Earlier this year, in another analysis of expression signatures in human glioblastomas, Rubin and his colleagues identified additional sex biases in the cellular pathways linked to cancer survival. In women, survival was associated with a gene expression pattern pertaining to integrin signaling, while survival in males correlated with a pattern of gene expression in a cell cycle regulatory pathway. These findings mirrored the results of the group’s analysis of standard MRI images, which revealed that male survival could be predicted from just the rate of tumor proliferation, whereas for females both proliferation and invasion mattered (Sci Transl Med, 11:eaao5253, 2019). The cell cycle has obvious connections to proliferation, and integrin signaling has ties to invasion via changes in cell adhesion and migration, among other relevant functions, Rubin notes. “There’s no evidence that these things directly relate, but there is a consistency between them that’s compelling.”
Work such as Rubin’s illustrates the role of cell-intrinsic differences between the sexes that can contribute to cancer’s male bias, says Art Arnold, a University of California, Los Angeles, physiologist who has pioneered the study of the genetic and hormonal underpinnings of sex differences in biology. Arnold acknowledges the roles played by more widely recognized sources of sex variation, namely, differences in environmental exposures and hormone levels. But Rubin’s work pertains to a “third class” of factors that merit consideration, he says—those factors “coming from within a cell.”

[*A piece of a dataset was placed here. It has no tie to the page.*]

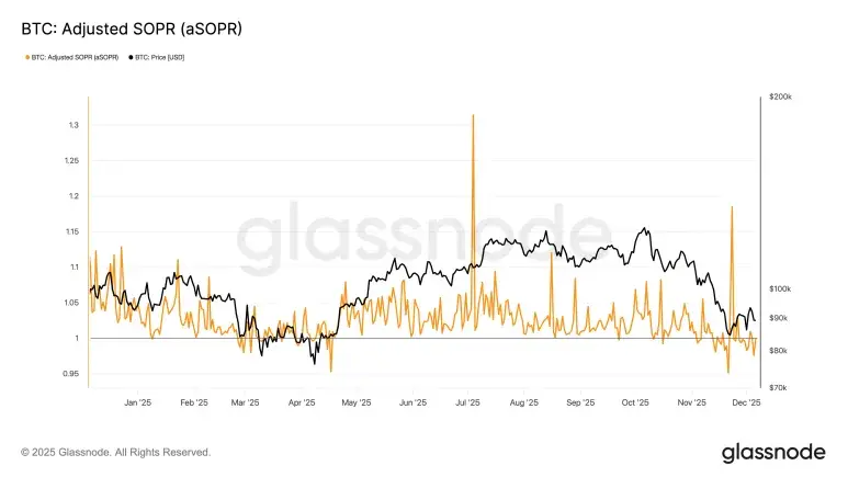 aSOPR(调整后花费产出利润率)持平于1.0。卖家以成本价交易,即便利润微薄也选择抛售。
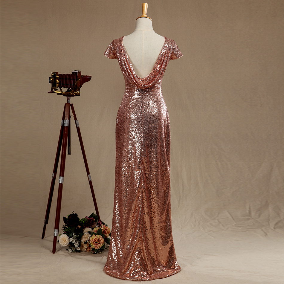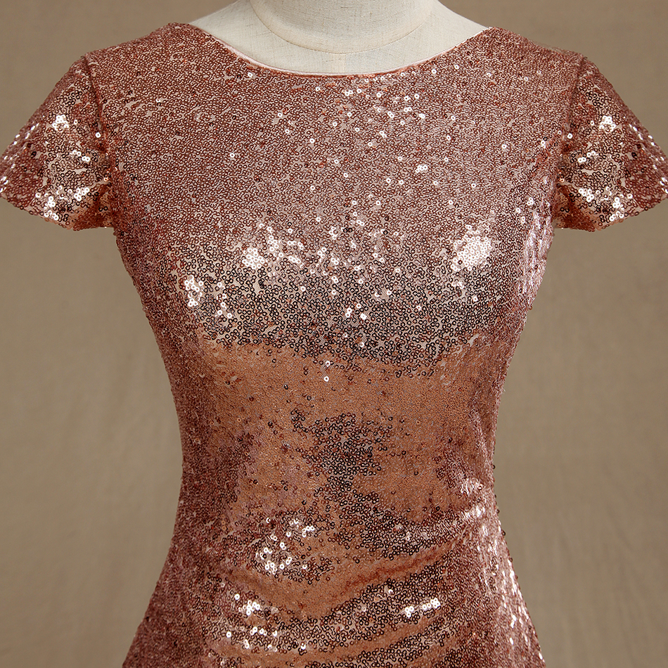 Rose gold Sequined Bridesmaid dress,Cap Sleeves Luxury Sequined Evening dress,Scoop neck Metallic Sparkle prom dress,Cow Back floor length-3

Understanding sex differences in cell biology more generally will be key to developing better treatments for cancer, says Christine Disteche, a geneticist at the University of Washington in Seattle who serves on the council of the Organization for the Study of Sex Differences. She notes that the National Institutes of Health (NIH) is looking in this direction. “Now there is a big push to add on studies comparing male and female” across biomedical research, she says.
Rubin says he thinks it’s about time, noting that clinical trials that lump the two sexes together will fail to find optimal treatments for either. “In an era where people love to talk about personalized medicine, [the fact] that personalizing to a person’s sex has not been part of that conversation is incredible to me.”